The investors in bonds may also face event risk, i.e., the risk that the issuer will not be able to meet its interest and principal payment obligations due to a major event that impacts its financial condition. There are three broad categories of event risk:
- A natural disaster such as an earthquake, a flood or fire in the factory. As an example, imagine an earthquake destroys lots of property in a region. The bonds issued by insurers in that area will be hit because these insurers will have to make huge settlements for the policyholders.
- Merger and Acquisition or Corporate Restructuring: In such an event the company may face ratings downgrade exposing the company to downgrade risk. The company’s overall debt burden may increase due to either issuing new debt or debt that comes as a part of takeover.
- Regulatory changes such as imposition of a new tax or government’s decision to divest from certain securities can also impair an issuer’s ability to meet its obligations. Regulatory risk can come in a variety of forms and affects almost all companies.

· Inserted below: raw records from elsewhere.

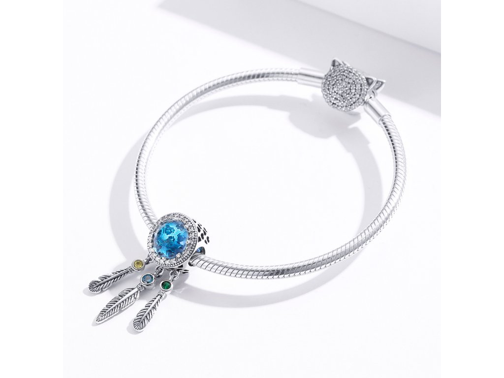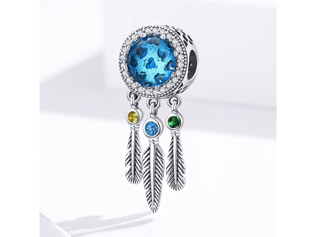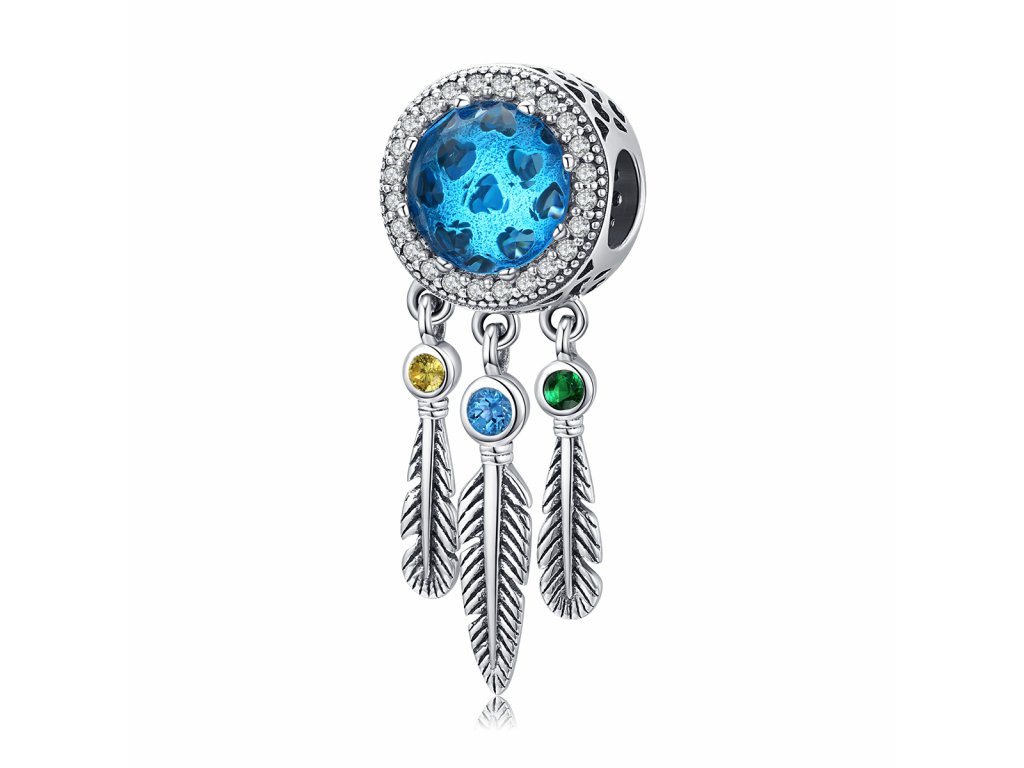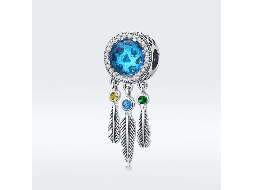 - Stříbrný přívěsek v designu Lapače snů zdobeného smaltovanými peříčky a barevnými zirkony. Originální design přívěsku, kvalitní zpracování a materiál, ručně dohotovené.
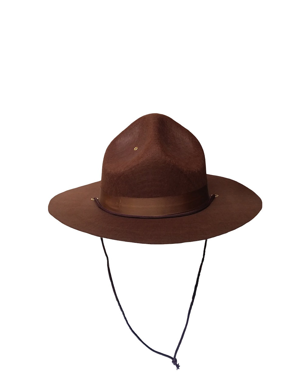 - mountie hat, brown, one size fits most. sized about 59 cm or 22.2 inches in circumference
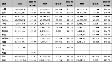 從上面數據可以看到,2006-2008 年,中國出口美國乘用車輪胎的增速分別為22.40%、59.90%和 17.10%,分別高于美國從所有國家乘用車輪胎進口增速20.60%、58.20%和14.90%,遠遠高于了平均進口增速,而從售價來說,2006 年至2008 年中國出口美國乘用車輪胎的平均價格分別為25.77 美元、28.21 美元和30.96 美元,分別低于平均價格10.89 美元(29.7%)、11.09美元(28.2%)和11.79 美元(27.6%),以2008 年的數據分析,如果中國進口輪胎提高35%的特別關稅,則平均價格增加到41.80 美元,與所有國家進口美國乘用車輪胎的平均價格達到同一水平,由此可以基本判斷中國并不會完全失去美國乘用車輪胎市場,但增速將大大下降,可能會降低到美國乘用車輪胎進口的平均增速。
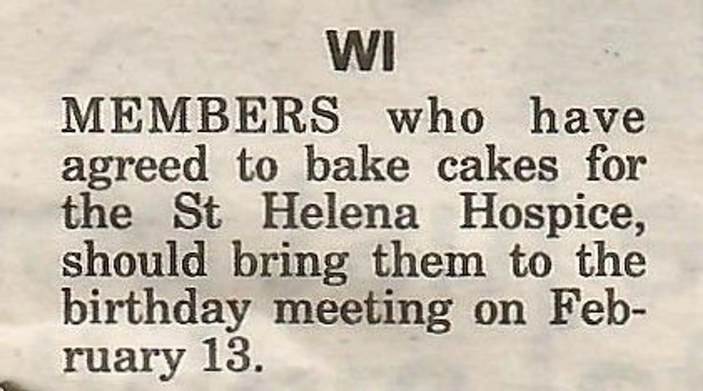Local news column notice regarding a charity cake event by the Women's Institute.
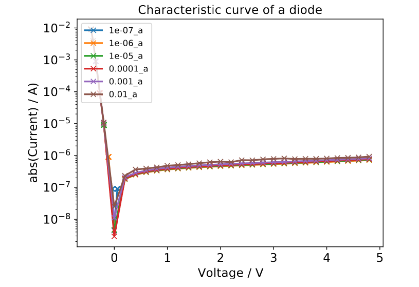The tips were placed close to the sample, the lid was closed and the pumps activated. It is important to know the cables are correctly plugged in. Therefore, a quick measurement of the diode V-I curve was made beforehand to find forward and reverse direction of the diode. The measurements are performed with a sourcemeter unit (SMU). Keithley 2600 Series Sourcemeter. Afterwards, the Python program was used to make a measurement with different currents. It yielded the following result:
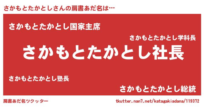 | 男性向けラノベタイトル風あだ名 | 『サカモトタカトシアートオンライン』 |
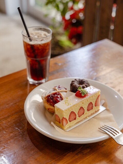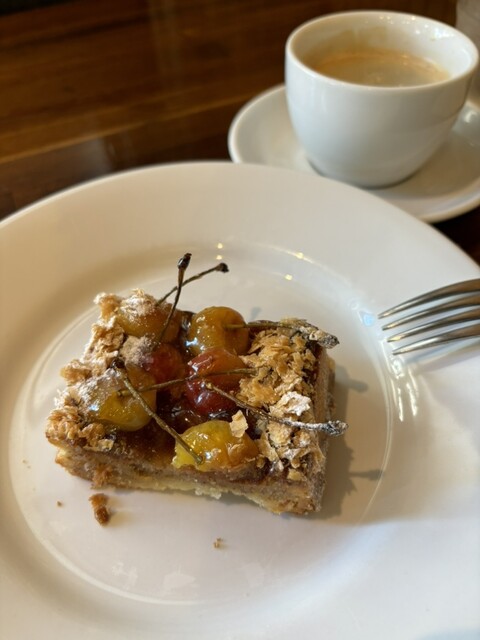 訪問先の近くでカフェを探してここへ。本日のケーキ、丁寧に処理したチェリーがいくつも乗っていて、美味しかったです。照明の関係か、ちょっと暗くてケーキの色合いがわかりにくかったですけれど。席は落ち着いてい...
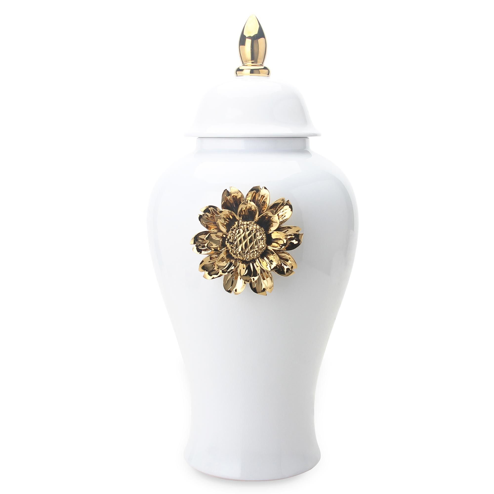 White Ginger Jar with Gilded Flower - Timeless Home Decor
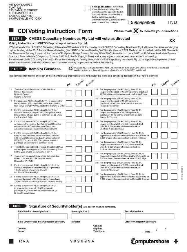 MR SAM SAMPLE FLAT 123 123 SAMPLE STREET THE SAMPLE HILL SAMPLE ESTATE SAMPLEVILLE VIC 3030 R V A 9 9 9 9 9 9 A XX SIGN Signature of Securityholder(s) This section must be completed. Individual or Securityholder 1 Sole Director and Sole Company Secretary Securityholder 2 Director Securityholder 3 Director/Company Secretary Contact Name Contact Daytime Telephone Date / / Please mark to indicate your directions STEP 2 Items of Business PLEASE NOTE: If you mark the ABSTAIN box for an item, your CDIs will be considered present and entitled to vote and thus will have the effect of a vote “AGAINST” a proposal. 1 To elect Class I directors to hold office for a term of three years: Brian H. Dovey Regina E. Groves 2 For purposes ASX Listing Rule 7.1, to approve the issue of up to 187 convertible notes, each with a face value of US$100,000, under the Tranche 2 Offer 3 For the purposes of ASX Listing Rule 7.1, to approve the issue of up to 841,500 options, each for purchase of one share of common stock, under the Tranche 2 Offer 4 For the purposes of ASX Listing Rule 7.1, to re-approve the issue of the 250 convertible notes under the 2014 Convertible Note Deed, as amended pursuant to a Second Amendment 5 For the purposes of ASX Listing Rule 7.4, to ratify our issuance under the Tranche 1 Offer of 338 convertible notes, each with a face value of US$100,000, and 1,521,000 options, each for purchase of one share of common stock 6 To ratify the appointment of Grant Thornton LLP as our independent registered public accounting firm for the year ending December 31, 2017 7 To approve, on an advisory basis, the executive officer compensation for the year ended December 31, 2016 8 For the purposes of ASX Listing Rule 10.14, to approve the grant of 10,500 options to purchase 10,500 shares of common stock to Dr. Ross A. Breckenridge 9 For the purposes of ASX Listing Rule 10.14, to approve the grant of 10,500 options to purchase 10,500 shares of common stock to Brian H. Dovey 10 For the purposes of ASX Listing Rule 10.14, to approve the grant of 10,500 options to purchase 10,500 shares of common stock to R. Scott Huennekens 11 For the purposes of ASX Listing Rule 10.14, to approve the grant of 10,500 options to purchase 10,500 shares of common stock to Gordon E. Nye 12 For the purposes of ASX Listing Rule 10.14, to approve the grant of 10,500 options to purchase 10,500 shares of common stock to Robert B. Stockman 13 For the purposes of ASX Listing Rule 10.14, to approve the grant of 10,500 options to purchase 10,500 shares of common stock to Robert B. Thomas 14 For the purposes of ASX Listing Rule 10.14, to approve the award of 6,000 restricted stock units for 6,000 shares of common stock to Dr. Ross A. Breckenridge 15 For the purposes of ASX Listing Rule 10.14, to approve the award of 6,000 restricted stock units for 6,000 shares of common stock to Brian H. Dovey 16 For the purposes of ASX Listing Rule 10.14, to approve the award of 6,000 restricted stock units for 6,000 shares of common stock to R. Scott Huennekens 17 For the purposes of ASX Listing Rule 10.14, to approve the award of 6,000 restricted stock units for 6,000 shares of common stock to Gordon E. Nye 18 For the purposes of ASX Listing Rule 10.14, to approve the award of 6,000 restricted stock units for 6,000 shares of common stock to Robert B. Stockman 19 For the purposes of ASX Listing Rule 10.14, to approve the award of 6,000 restricted stock units for 6,000 shares of common stock to Robert B. Thomas For Against Abstain For Against Abstain CDI Voting Instruction Form Voting Instructions to CHESS Depositary Nominees Pty Ltd I/We being a holder of CHESS Depositary Interests of REVA Medical, Inc. hereby direct CHESS Depositary Nominees Pty Ltd to vote the shares underlying my/our holding at the 2017 Annual General Meeting (the “AGM” or “Annual Meeting”) of Stockholders of REVA Medical, Inc. to be held at the AGL Theatre in the Museum of Sydney, located at the corner of Phillip and Bridge Streets, Sydney, NSW 2000, Australia on 1 June 2017, at 10:30 a.m, Australian Eastern Standard Time (which is 5:30 p.m. on 31 May, 2017 U.S. Pacific Daylight Time) and at any adjournment or postponement of that meeting. By execution of this CDI Voting Instruction Form the undersigned hereby authorises CHESS Depositary Nominees Pty Ltd to appoint such proxies or their substitutes to vote in their discretion on such business as may properly come before the meeting. STEP 1 CHESS Depositary Nominees Pty Ltd will vote as directed Change of address. If incorrect, mark this box and make the correction in the space to the left. Securityholders sponsored by a broker (reference number commences with ‘X’) should advise your broker of any changes. 226256_01YSEB The nominees for director and each of the other following proposals are set forth under the terms and conditions described in the Proxy Statement:
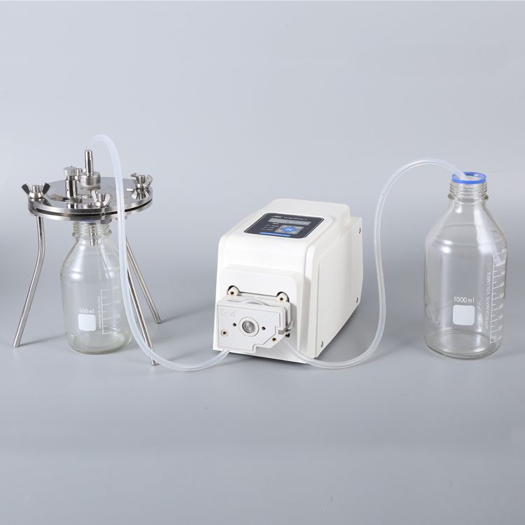 而過濾量如果超過10升,需要進行小試、中試或生產使用時,瓶頂過濾器的方式會因為過濾量太小,需要頻繁更換濾膜,大幅影響工作效率,一般需要使用平板過濾器。其名稱來源于其形狀為扁平、板狀的樣式,濾器上學可以分離,中間可以鋪放過濾膜。,以PF2150平板過濾系統為例,其在結構上由一臺不銹鋼平板過濾器、一臺將液體輸送入過濾器內的蠕動泵和泵管組成。使用時,將過濾膜裝入平板過濾器內,泵管的一端連接在過濾器的進液口內,另一端置入待過濾的液體內。打開蠕動泵后,蠕動泵的電機驅動軸承擠壓泵管內的液體,將其輸送至過濾器內,并通過持續的推力推動液體通過濾膜。濾液通過濾膜后,從過濾器下方的排液接口排出,流入預先準備好的容器內保存。從上述構造和原理是我們可以看出,平板過濾系統在開始過濾后,中間無需人工介入操作,蠕動泵可以自行抽取液體進行連續不斷地過濾。
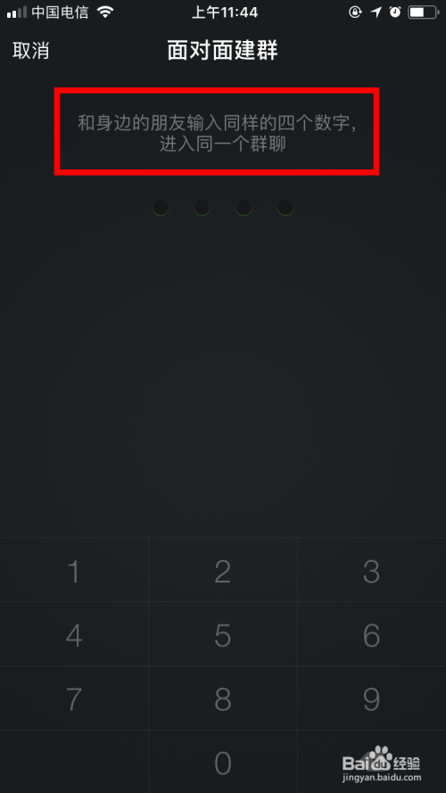 这时,这个微信群就建成了,要入群的朋友需要通过这个方法输入同样的四个数字,就能进入这个微信群。
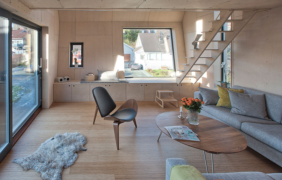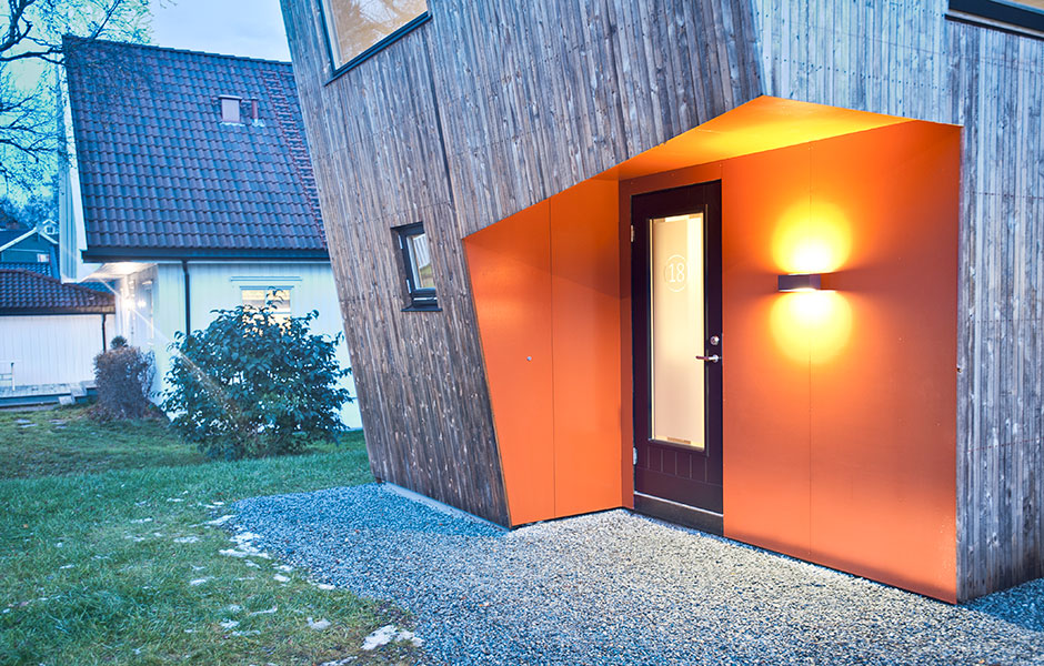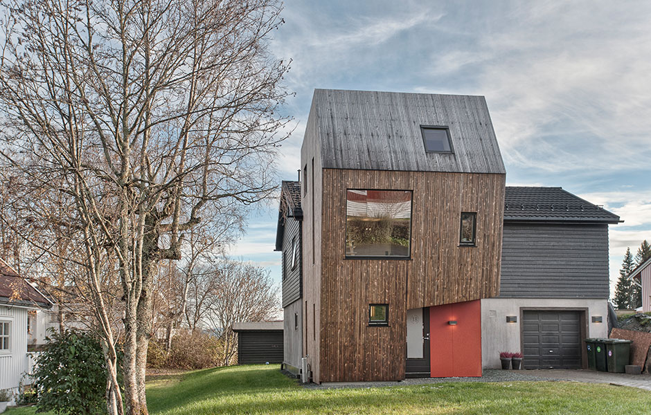 Fasaden är klädd i naturligt behandlad furu: samma miljövänliga material som när arkitekterna ritade om båthus till sommarbostäder i norska Møre och Romsdal. Formmässigt sticker den nya tillbyggnaden ut från övriga hus i området, men med sina naturnära färger smälter den ändå in.«
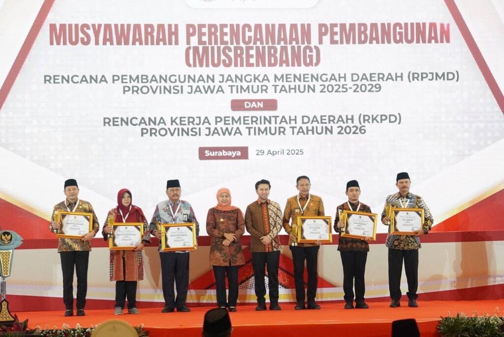 SIDOARJO | brigadepasopati.com – Kabupaten Sidoarjo kembali menorehkan prestasi membanggakan dalam bidang pembangunan daerah. Dalam gelaran Musyawarah Perencanaan Pembangunan (Musrenbang) Provinsi Jawa Timur yang berlangsung di Hotel Shangri-La Surabaya, pada Selasa (29/4/2025), Bupati Sidoarjo H. Subandi, S.H., M.Kn. menerima langsung piagam penghargaan sebagai Terbaik I Kategori Kabupaten dalam ajang Penghargaan Pembangunan Daerah (PPD) Tahun 2025 dari Gubernur Jawa Timur, Hj. Khofifah Indar Parawansa.
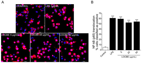 Effect of LOCBE on NF-κB pathway activation. (A) Representative images of NF-κB nuclear translocation verified by high content imaging after 30 min of THP1-derived macrophages treatment with LOCBE. Macrophages were fixed and immunostained for NF-κB (p65) antibody and secondary AlexaFluor-647 and the nuclei (blue) were stained with Hoechst 33342 (5 µM). (B) NF-κB translocation was calculated by measuring the ratio of fluorescent intensity of the protein in the nucleus and cytoplasm region. Data are expressed as the percentage of positive cells. Negative cells mainly displayed cytoplasmatic staining of NF-κB (red). Stimulation with LPS or LOCBE caused translocation of NF-κB to the nucleus. Data represent the mean ± S.E.M. Significant differences between the control and treatments were performed by Student’s t-test (n = 3, *** p < 0.001).
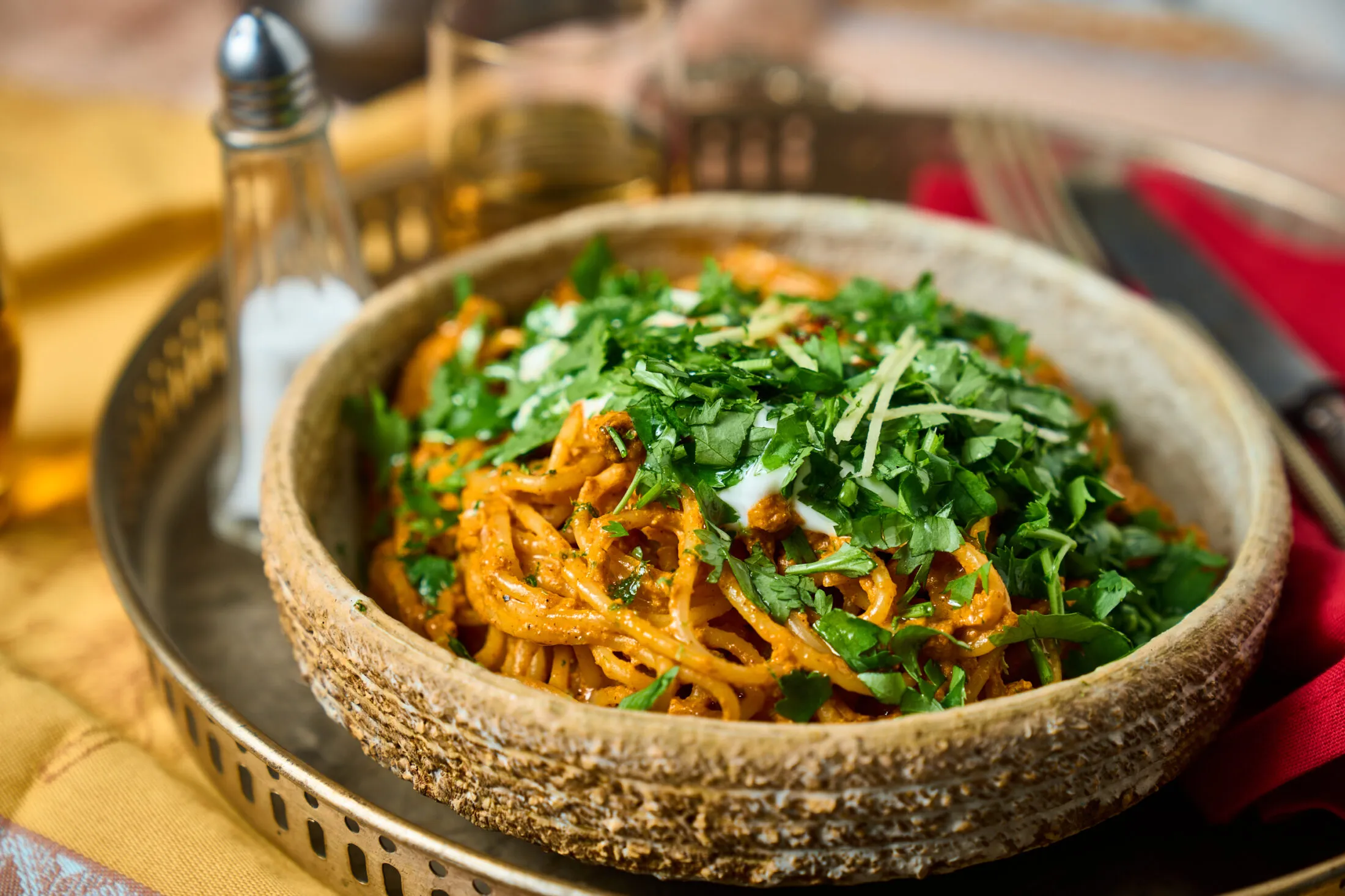 A megpirult csirkét belekeverjük a joghurtos raguba, majd a spagettit bő, sós vízben al dentére főzzük, leszűrjük és ezt is a raguhoz keverjük. A kész tésztára tálaláskor joghurtot kanalazunk és megszórjuk Cayenne-borssal, valamint aprított korianderrel. A tetejét vékony csíkokra vágott gyömbérrel díszítjük és megpergetjük a lime lereszelt héjával.
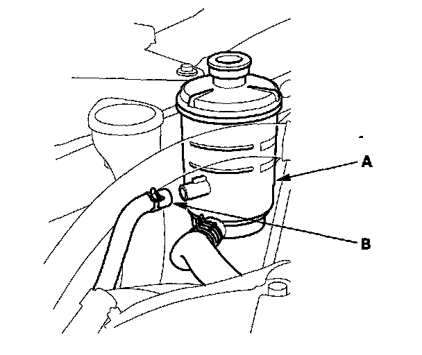 26. Remove the power steering fluid reservoir (A) from its holder and disconnect the return hose (B).
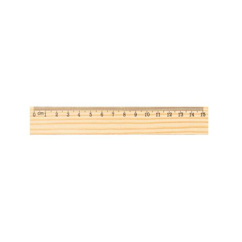 Linijka z drewna sosnowego z podziałką 15 cm nadrukowaną w kolorze czarnym. Ponieważ produkt jest wykonany z naturalnych materiałów, kolor produktu oraz wynik drukowania mogą się różnić w zależności od produktu. 158 x 25 mm

Sovereign risk occurs in bonds held by a portfolio manager that are issued by foreign entities, for example, an American investor holding a bond issued by Japanese Government bond. The risk occurs due to the fact that the foreign government may default on its obligation, or takes some action that restricts the issuer to meet its bond obligations. Sovereign risk can take primarily two forms: 1) the foreign government is just unwilling to pay its debt (repudiation). 2) the government is unable to pay due to unfavourable economic conditions.